TABOO: Detecting Unstructured Sensitive Information Using Recursive Neural Networks

Jan Neerbek, Ira Assent, Peter Dolog

Published: 2017, Last Modified: 17 Dec 2024ICDE 2017EveryoneRevisionsBibTeXCC BY-SA 4.0

Abstract: Leak of sensitive information from unstructured text documents is a costly problem both for government and for industrial institutions. Traditional approaches for data leak prevention are commonly based on the hypothesis that sensitive information is reflected in the presence of distinct sensitive words. However, for complex sensitive information, this hypothesis may not hold. Our TABOO system detects complex sensitive information in text documents by learning the semantic and syntactic structure of text documents. Our approach is based on natural language processing methods for paraphrase detection, and uses recursive neural networks to assign sensitivity scores to the semantic components of the sentence structure.
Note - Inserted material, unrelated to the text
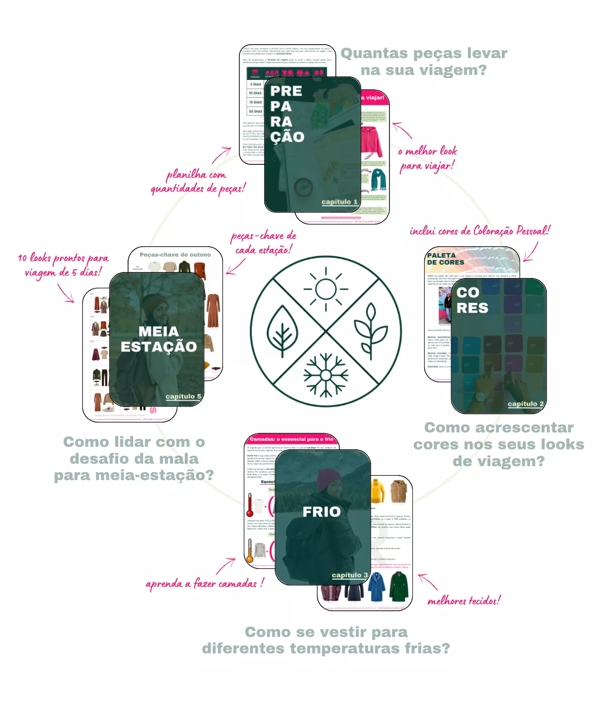 ✓ Listas de peças-chave para cada estação, ajudando você a montar uma mala mais assertiva.

The demonstration of TABOO focuses on interactive detection of sensitive information with the TABOO system. Users may work with real documents, alter documents or prepare free text, and subject it to information detection. TABOO allows users to work with our TABOO engine or with traditional approaches, and to compare results. Users may verify that single words can change sensitivity according to context, thereby giving hands-on experience with complex cases of sensitive information.